O filme Livre, que em seu título original, Wild, faz muito mais sentido, é baseado em fatos reais. Conta a história da jovem Cheryl (Reese Witherspoon), que vê sua vida desandar numa espiral de drogas, esbórnia, desamor e descontrole após o episódio doloroso da morte de sua mãe, Bobbi (Laura Dern, verdadeira especialista em fazer papéis de doces mães no cinema), de uma forma rápida e devastadora. Bobbi era uma pessoa que via a alegria nas menores e mais improváveis coisas da vida, e quando se vai leva junto de si a força, determinação e vontade de viver de Cheryl.
Com uma narrativa não linear, o filme começa com Cheryl se preparando para fazer sozinha a travessia de 1100 milhas pela costa do Pacífico (Pacific Crest Trail- também conhecida como PCT), fazendo o espectador ficar imaginando qual é o real objetivo de todo aquele sacrifício. Descoberta que só fica realmente clara, quase chegando ao fim. Uma forma de prender o espectador que funcionou bastante.
Ambientado na natureza e em florestas dos EUA, passando pela fronteira com o México e com Canadá, as paisagens se alternam: uma hora neve até os joelhos, outra o árido clima quase sem árvores e o sol que racha a terra. A fotografia belíssima contribui para a dinâmica do filme, que não é cansativa. O que seria totalmente esperado de um filme que acompanha uma mulher fazendo uma trilha por 3 meses. No entanto, o diretor consegue cativar a atenção do espectador até o fim, mesclando as cenas da trilha solitária com cenas que remontam o passado de Cheryl, explicando assim os motivos que a levaram a isso.
Os cortes lentos e a inibição de sons durante cenas de fúria, gritos e desespero dão força ao sentimento de solidão que acompanha a história.

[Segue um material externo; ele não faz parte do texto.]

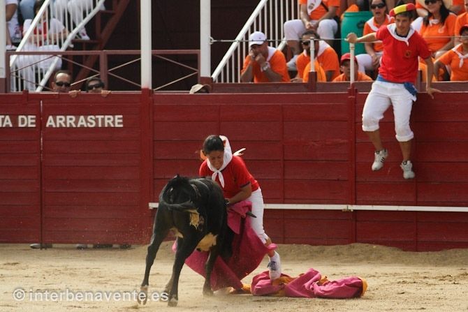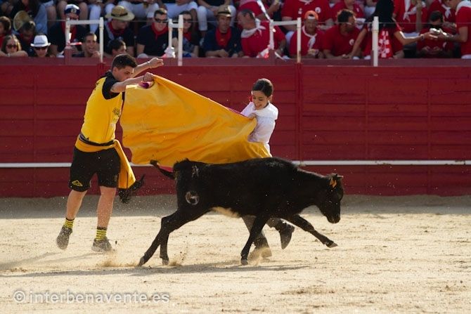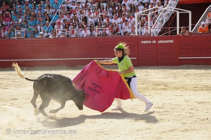 Para celebrar su trigésimo quinto aniversario los valientes de la peña Malgrat portaron el número 35 a la espalda y cantaron el cumpleaños feliz a ritmo de charanga. Alicia Regueras, Sandra Cid y Cynthia Escudero representantes de la juventud benaventana también se vieron las caras con un astado, más pequeño que los demás, con el que hicieron una buena faena y recibieron la ovación del público.

Como um eco em nossa própria mente. É poética a cena em que sob o pôr do Sol, a protagonista conversa com a única mulher que encontra fazendo a mesma trilha, ela pergunta pra Cheryl se ela não se sente sozinha durante a viagem, e ela responde: “Me sinto mais sozinha na minha vida real do que aqui”.
Logo fica claro que Cheryl faz essa trilha numa tentativa de superar seus limites e reinventar sua vida, até então destruída. Ela chega ao fundo do poço, perde aquela que mais amou, magoa aqueles que mais a amaram. Então decide partir para o impensável, desafiar os limites do corpo e também superar os limites da alma. Falhou várias vezes e não quer falhar de novo. Precisa reencontrar a si mesma.
Alguns pontos merecem atenção: A trilha sonora maravilhosa, que consegue mesclar os sons diegéticos e não diegéticos de forma bela, embalando as cenas com leveza e profundidade na medida certa. O toque de intelectualismo nas citações motivacionais que ela escreve nos livros de registro pelo caminho. E as duas metáforas que sobressaem: a mochila insuportavelmente pesada, nas primeiras cenas do filme Cheryl quase não consegue levantar carregando-a, é um esforço intenso e chega a beirar o cômico, no entanto, com o passar dos dias ela vai se livrando do peso da mochila tornando-a mais leve, assim como a culpa que carrega por suas atitudes erradas, ao final ela consegue se perdoar. A outra metáfora é a raposa que a acompanha, seria ela a materialização de sua mãe? Fica a incógnita, fato é que a raposa vai com ela até o fim, um animal misterioso que aparece em momentos inesperados.
A combinação do diretor Jean-Marc Vallée (Clube de Compras Dallas), que está super em alta no cenário cinematográfico, com a atriz Reese Whtiterspoon foi perfeita. Reese possui um modo de atuar bastante condizente com o papel, além de, e principalmente, por possuir um rosto frágil e delicado. É paradoxal que sua personagem tenha sido uma pessoa capaz de tantos atos desprezíveis no passado, e mais ainda que aquele ser frágil conseguiria passar por tantos percalços físicos e emocionais para concluir a travessia, tudo isso com o agravante de estar sozinha. Reese tem se tornado mestre em atuar em papéis assim, sua fragilidade está sempre inibida pela personalidade forte de suas personagens, e consegue fazer isso com doçura. Em Wild, Hollywood mostra que nada é impossível de mudar, deixa uma lição de perseverança, e como era de se esperar não nos deixa insatisfeitos com o seu desfecho, acertando mais uma vez.